__EXERCISE__
Your answer must be every line of the data that contains "with".

__Stored data entries__
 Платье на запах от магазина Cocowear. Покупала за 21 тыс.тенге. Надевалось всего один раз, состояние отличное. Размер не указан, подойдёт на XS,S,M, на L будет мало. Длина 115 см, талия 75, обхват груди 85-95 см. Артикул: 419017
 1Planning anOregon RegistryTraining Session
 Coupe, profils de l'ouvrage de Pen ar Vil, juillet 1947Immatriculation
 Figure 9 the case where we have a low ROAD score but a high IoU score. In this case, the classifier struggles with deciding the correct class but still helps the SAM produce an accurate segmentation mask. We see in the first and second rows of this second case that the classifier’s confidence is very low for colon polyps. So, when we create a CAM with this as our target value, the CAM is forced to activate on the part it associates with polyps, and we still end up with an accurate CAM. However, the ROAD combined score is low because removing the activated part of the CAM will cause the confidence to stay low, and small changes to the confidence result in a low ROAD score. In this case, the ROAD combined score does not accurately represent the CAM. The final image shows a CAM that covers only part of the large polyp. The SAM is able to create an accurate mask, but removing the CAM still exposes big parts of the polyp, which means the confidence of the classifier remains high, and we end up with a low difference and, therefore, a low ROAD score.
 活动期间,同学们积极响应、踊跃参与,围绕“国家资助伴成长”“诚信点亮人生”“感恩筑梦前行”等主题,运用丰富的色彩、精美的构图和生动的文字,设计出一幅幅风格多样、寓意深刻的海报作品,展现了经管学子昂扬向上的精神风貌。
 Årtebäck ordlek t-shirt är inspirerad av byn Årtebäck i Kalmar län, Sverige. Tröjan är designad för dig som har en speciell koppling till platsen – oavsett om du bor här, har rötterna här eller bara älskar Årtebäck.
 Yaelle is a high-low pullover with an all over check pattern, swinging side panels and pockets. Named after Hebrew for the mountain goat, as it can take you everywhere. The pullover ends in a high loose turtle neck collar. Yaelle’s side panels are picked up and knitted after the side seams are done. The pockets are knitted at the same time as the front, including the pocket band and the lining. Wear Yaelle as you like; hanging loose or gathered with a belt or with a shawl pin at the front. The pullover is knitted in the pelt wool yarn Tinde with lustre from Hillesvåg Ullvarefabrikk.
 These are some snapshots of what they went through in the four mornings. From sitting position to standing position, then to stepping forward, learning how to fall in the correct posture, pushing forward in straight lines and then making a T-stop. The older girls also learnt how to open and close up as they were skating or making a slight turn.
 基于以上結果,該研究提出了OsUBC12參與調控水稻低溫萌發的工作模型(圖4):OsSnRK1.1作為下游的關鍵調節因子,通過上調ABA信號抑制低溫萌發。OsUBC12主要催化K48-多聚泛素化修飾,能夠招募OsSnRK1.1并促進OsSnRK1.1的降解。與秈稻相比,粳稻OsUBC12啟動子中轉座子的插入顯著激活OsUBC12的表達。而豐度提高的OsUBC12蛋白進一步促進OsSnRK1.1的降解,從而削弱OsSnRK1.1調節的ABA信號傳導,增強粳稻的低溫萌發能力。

__OUTPUT__
 Figure 9 the case where we have a low ROAD score but a high IoU score. In this case, the classifier struggles with deciding the correct class but still helps the SAM produce an accurate segmentation mask. We see in the first and second rows of this second case that the classifier’s confidence is very low for colon polyps. So, when we create a CAM with this as our target value, the CAM is forced to activate on the part it associates with polyps, and we still end up with an accurate CAM. However, the ROAD combined score is low because removing the activated part of the CAM will cause the confidence to stay low, and small changes to the confidence result in a low ROAD score. In this case, the ROAD combined score does not accurately represent the CAM. The final image shows a CAM that covers only part of the large polyp. The SAM is able to create an accurate mask, but removing the CAM still exposes big parts of the polyp, which means the confidence of the classifier remains high, and we end up with a low difference and, therefore, a low ROAD score.
 Yaelle is a high-low pullover with an all over check pattern, swinging side panels and pockets. Named after Hebrew for the mountain goat, as it can take you everywhere. The pullover ends in a high loose turtle neck collar. Yaelle’s side panels are picked up and knitted after the side seams are done. The pockets are knitted at the same time as the front, including the pocket band and the lining. Wear Yaelle as you like; hanging loose or gathered with a belt or with a shawl pin at the front. The pullover is knitted in the pelt wool yarn Tinde with lustre from Hillesvåg Ullvarefabrikk.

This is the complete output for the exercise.